I’ve been on both sides of this. I’m an ER doctor so I frequently sedate people for painful procedures. I don’t refuse to sedate them if they don’t have a ride. I adjust the observation time to account for individual circumstances. A child going home with parents just has be “sober” enough that they don’t need active medical monitoring before going home with parents. A teenager needs to be sober enough to walk safely. A toddler being carried to the car doesn’t need to walk, just tolerate oral intake and protect their airway. An adult without anyone else at the bedside may have to wait hours for discharge until they can safely care for themself. Same thing for intoxicated and/or head injured patients. A safe discharge for a college kid who’s going back to the dorm with his friends is a different assessment from a person who has to navigate public busses getting to their home across town.

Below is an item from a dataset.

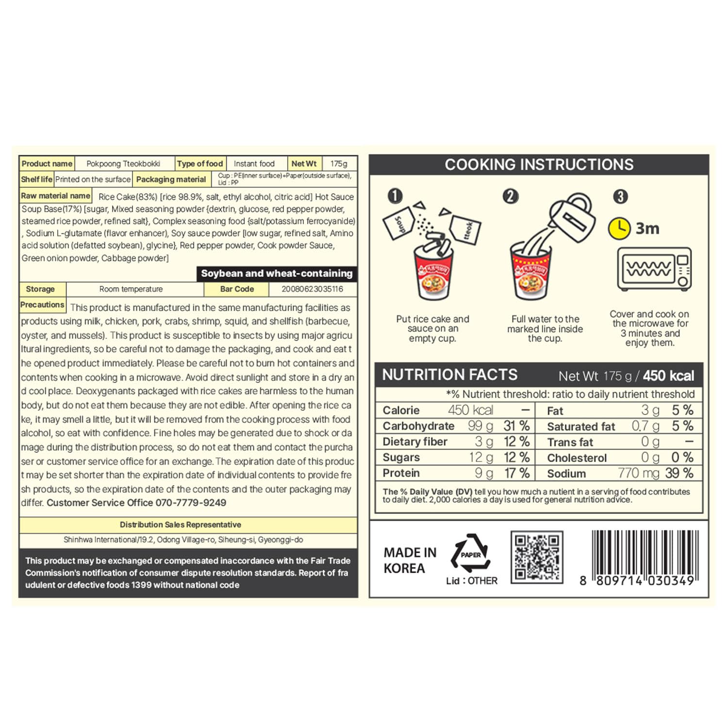 Q: What is Pokpoong Tteokbokki and how is it prepared?A: Pokpoong Tteokbokki is a traditional Korean street food made with chewy rice cakes and a sweet and spicy sauce. To prepare, simply open the cup, add the rice cakes and sauce, pour in water, mix well, and microwave for 2 minutes and 30 seconds.

So I was somewhat annoyed when I had oral surgery in an office <10 minutes walk from my house and they told me that I had to have a buddy to not only drive me but stay with me for 6 hours afterward They use fentanyl/versed for their sedation, a combo I’ve used many times. I told them I would walk to and from the appointment since I figured they could just wait to discharge me until I was safe to walk by myself. And I could see no medical reason I needed someone to observe me for 6 hours. That was just them being ridiculously over cautious. When I insisted that I had no one to accompany me and they wouldn’t OK letting me take a taxi home they finally had one of the office staff drive me the <1 mile back to my house.
Bottom line: some restrictions to ensure patient safety after discharge are reasonable but some places are so risk averse that their parameters are unreasonably conservative.
Some clinic staff seem surprised that some people live alone, and don’t have friends or family nearby that they can ask for a ride home (or worse yet, to have the friend or family member sit with them for six hours after). And yet millions of people live alone. So you think there would be procedures built around this. If it’s so important that we be supervised after discharge from something like a colonoscopy, make it an inpatient procedure with an overnight stay authorized by the insurance companies.